In fact, she didn't hear anything at all. Getting up, she rubbed her eyes. Her shoulder-length brunette hair was a complete mess, her beloved Green Day shirt wrinkled from sleeping in. The red Hello Kitty pajama pants were in no greater condition. Early morning winter sunlight shone through the cracked window, illuminating the room of a typical teenage girl's. Posters of various bands and movies decorated the walls, as if watching over the contents of the room. Three nail polish bottles sat precariously on the night stand — one black, one pink, and one yellow — the pink one toppled over, gushing out a now-dried carnation substance. An overturned book she had been reading the night before sat on the floor among schoolbooks and many other things. Needless to say, she was not a very organized person.

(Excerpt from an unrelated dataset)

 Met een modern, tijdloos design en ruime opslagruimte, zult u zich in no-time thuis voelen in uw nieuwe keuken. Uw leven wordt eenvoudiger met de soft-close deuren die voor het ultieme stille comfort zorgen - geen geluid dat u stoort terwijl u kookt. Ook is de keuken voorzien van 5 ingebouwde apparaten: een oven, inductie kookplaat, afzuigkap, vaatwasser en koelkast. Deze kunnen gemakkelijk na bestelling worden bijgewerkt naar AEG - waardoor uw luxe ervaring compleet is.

Yawning, the girl called Sarah Chamberlyne fumbled for her glasses and pulled on the over-worn black Converses she'd had for what seemed like forever. Stepping down the stairs, she found the eerie silence quite unnerving. "Mom?" She called out, reaching the bottom. "Dad? You there? Hello?" There was no response. Even the cat, Maximus, was nowhere to be found. "Guys?" She said again, beginning to get concerned. The house seemed to be completely deserted, except for the tiny persistent moth that fluttered around the kitchen light, apparently not caring that the heat burned its fragile body. "Hellooo?"

The dining room table looked as if it had been abandoned in a hurry. Half-cooked pancakes started to burn on the stove, which was still on. Sarah quickly switched it off.

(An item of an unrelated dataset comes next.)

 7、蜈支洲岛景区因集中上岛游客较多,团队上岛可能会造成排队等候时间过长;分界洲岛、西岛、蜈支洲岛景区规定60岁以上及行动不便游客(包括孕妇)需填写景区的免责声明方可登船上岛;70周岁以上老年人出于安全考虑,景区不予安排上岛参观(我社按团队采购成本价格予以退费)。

"What the hell?" She murmured, and suddenly heard a very strange noise from somewhere in the house "Mom?" She shouted hopefully, but her voice was met, once again, with only silence.

The very confused girl ventured into the living room, which also looked as if abandoned while in use. The TV was still on, blaring out an episode of Doctor Who from the 1980's. The only thing out of the ordinary about the room was that one of her dad's boxes of small Ancient Egyptian artifacts he studied - he was an archaeologist, but she failed to see why; he never did anything interesting or remotely important, at least to her knowledge - was not in its usual place in his study. It was on the floor, tumbled over as if someone had come searching for something within it. She knew she wasn't supposed to go into her dad's office, but he wasn't here, so what harm could it do?

Picking up the spilled contents of the box, Sarah made her way down to the basement. As she did so, she heard the strange noise once again, now slightly louder than before. "Dad?" She called out, her concerned feeling quickly progressing into a scared one. "Dad? Are you there?" The furnished cellar that was once her father's domain was silent once again. She set the open box down on the table. Hearing a crash, she spun around, and screamed.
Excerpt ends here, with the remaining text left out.